Читаем Ожидание полностью

Следующим был коренастый мужчина с розовой блестящей головой, с которой он в преувеличенной почтительности сдергивал голубую, из синтетической соломки шляпу.

— Почтеньице, почтеньице, Николай Александрович. Как влажность такую переносите? — быстро и приветливо говорил этот человек. — Весной в нашем с вами возрасте в городе тяжеловато… Весной с нами всякие такие штучки и происходят.

— Вот и решили опять садовничать на воздухе? — прервал его Малин. — И опять сутяжничать с хозяевами?

Лицо вошедшего не изменило приветливого, родственного выражения. Но глаза блеснули стальным непреклонным блеском, который, как давно уже заметил Николай Александрович, был особенно грозен у мелких, трудно выводимых на чистую воду жуликов.

— Это почему ж сутяжничать? Кто вам сказал, что сутяжничать?.. Я свой законный интерес соблюдаю, свою справедливую долю от четырехсот высаженных мною тюльпанов.

— Слушайте, Моксеев, вы в который раз судитесь с хозяевами участка из-за этих самых ваших цветов?

— Что ж, Николай Александрович, — смиренно сказал Моксеев. — Приходится… Сам за себя не постоишь, кто постоит?

— А скажите, Моксеев, зачем вы ходили на работу к Аникиной?

— А затем, чтобы коллектив знал об ее антиобщественных поступках.

— Какие же это поступки?

— А такие! — оживившись, сказал Моксеев. — Мужа своего бывшего бросила, нового из семьи увела — это во-первых, во-вторых, на даче и на садовом участке какие-то египетские ночи устраивают, в-третьих…

— Почему ж египетские? — перебил его Малин. — Вы в суде, выражайтесь поточнее.

— Именно египетские… Но это, конечно, только так говорится, образный оборот, и в том смысле особенно, что весь данный садовый участок не под полезные насаждения занят, а, извините, бутылками загажен.

— Вы что же, но всему участку лазили? — спросил Малин.

— Не лазил, а ходил, — с достоинством сказал Моксеев.

— И после этого написали письмо в организацию, где работает Аникина?

— Написал. Ничего другого не оставалось, чтобы пресечь…

— Так вы ведь не только к ней, но и к мужу в организацию тоже ходили и тоже письмо написали.

— Написал, не отрекаюсь. И точно указал номера машин, которые к ним на дачу фанеру привозили.

— Когда же вы успели записать номера машин?

— А когда только нанялся к ним. Мы сидели, обедали на терраске, ну, немножечко выпивали, как раз те машины и подъехали. Ну, я на салфеточку и записал.

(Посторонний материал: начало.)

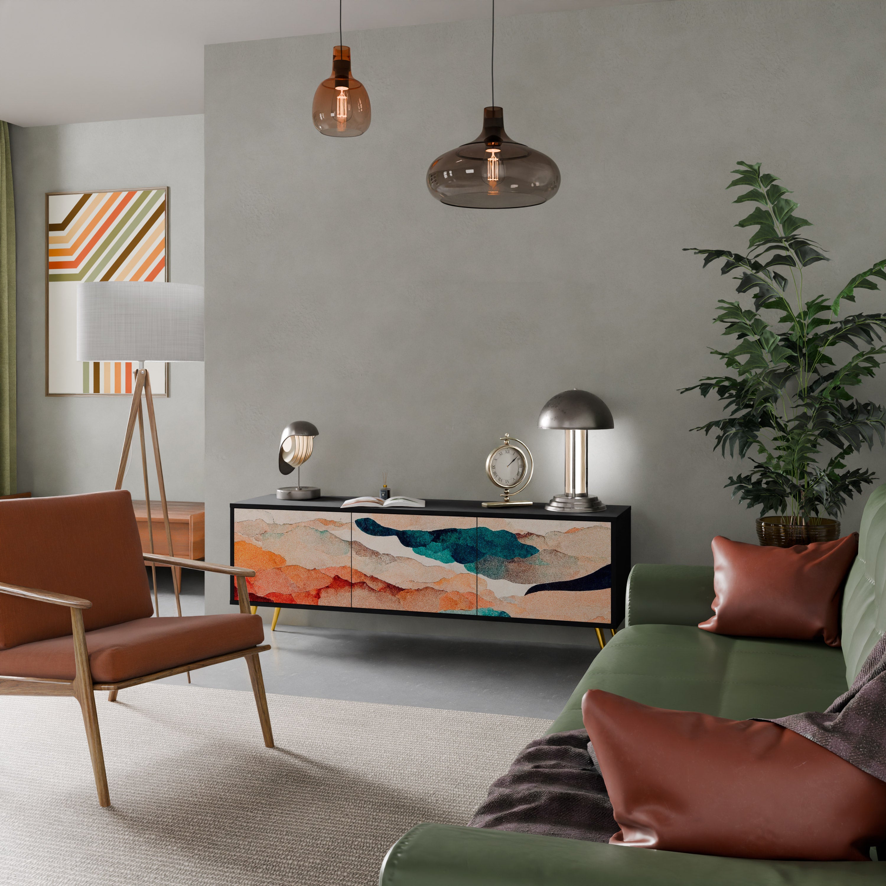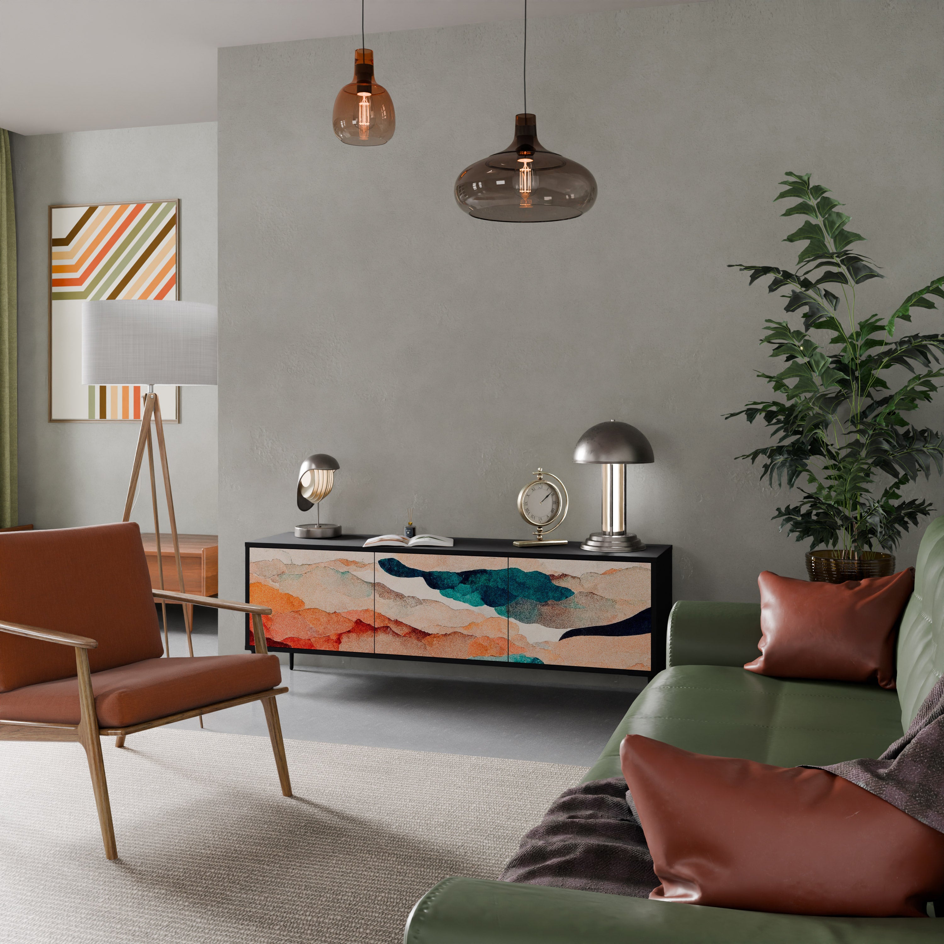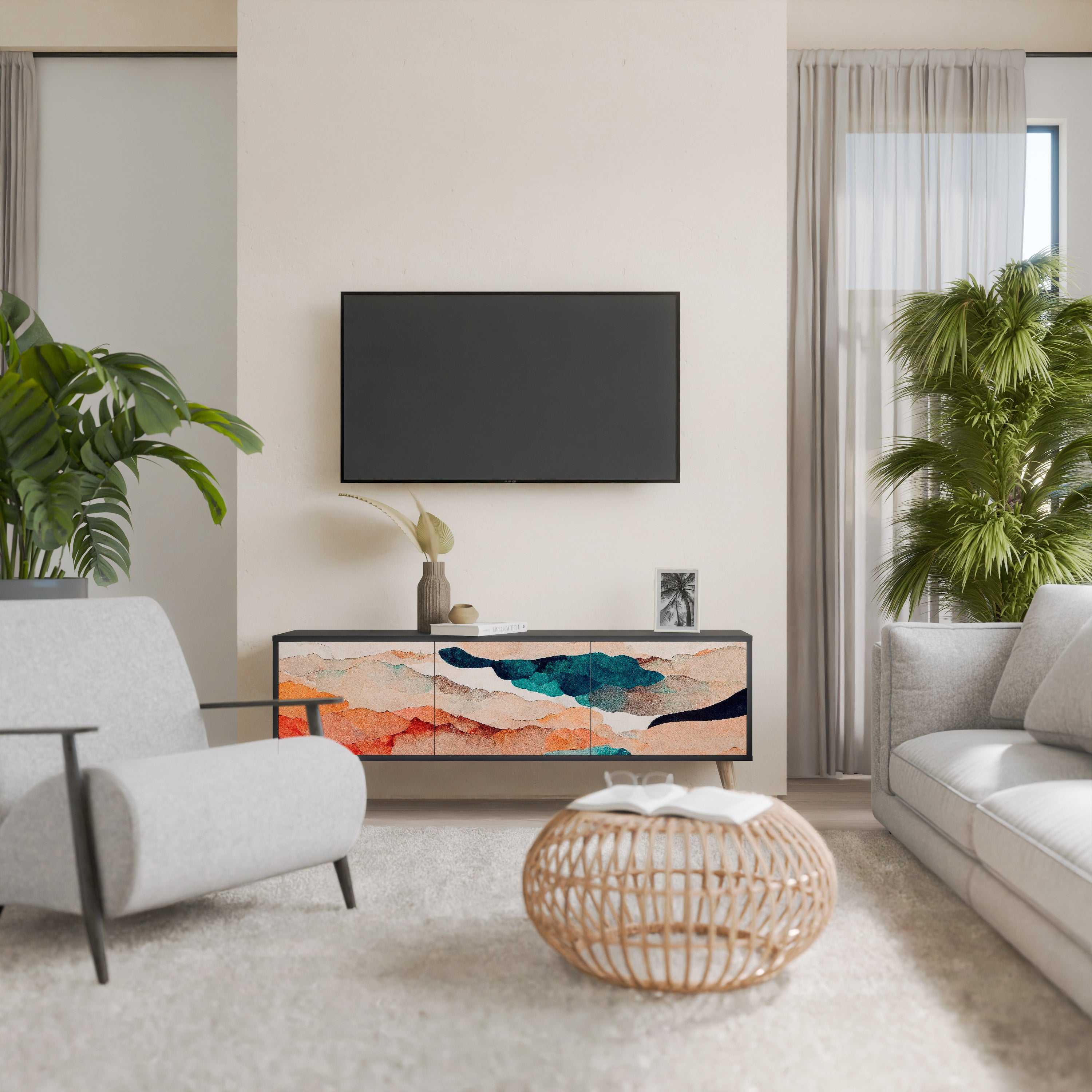 Mueble de TV de 3 puertas PAISAJE ABSTRACTO en acabado negro
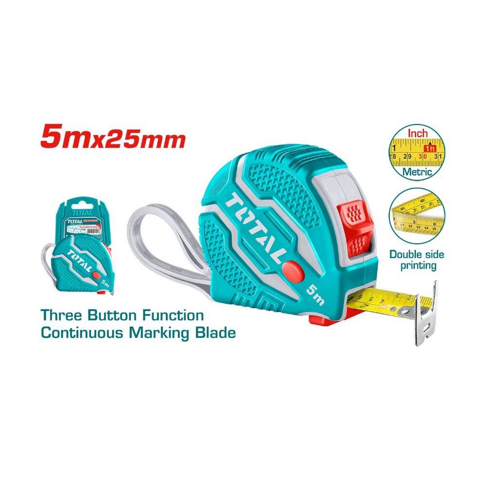 • Heavy-duty steel measuring tape with 5M length.1. The Total TMT126052 5M X 25MM Steel Measuring Tape is a must-have tool for any handyman or DIY enthusiast. Made from heavy-duty steel, it is built to withstand daily use and provide accurate measurements. The tape has a length of 5M and is 25MM wide, making it compact and easy to carry around. The material used is durable and can handle both indoor and outdoor use. With its user-friendly design, this measuring tape ensures precise measurements every time. Whether you are working on a construction project, doing home renovations, or simply need to measure something, this steel measuring tape will be your go-to tool.
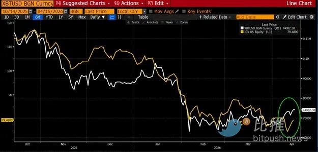 比特币(金色)对比美国软件 SaaS ETF IGV US(白色)

— А для чего вы записывали-то? Что, уже тогда собирались с ними судиться?

— Тогда не собирался… Но на всякий случай материалы иметь надо. Теперь народ такой, ко всему готовым быть приходится.

— А с чего вы решили, что машины «левые»?

— А «правые» по воскресеньям фанеру не возят.

— Логично рассуждаете, Моксеев. Так вот, хотим вас привлекать за клевету.

— Это в каком же смысле клевета?

— В самом обыкновенном. Лезете не в свои дела, копаетесь в чужой личной жизни, слоняетесь по учреждениям и распространяете различные ложные слухи о людях.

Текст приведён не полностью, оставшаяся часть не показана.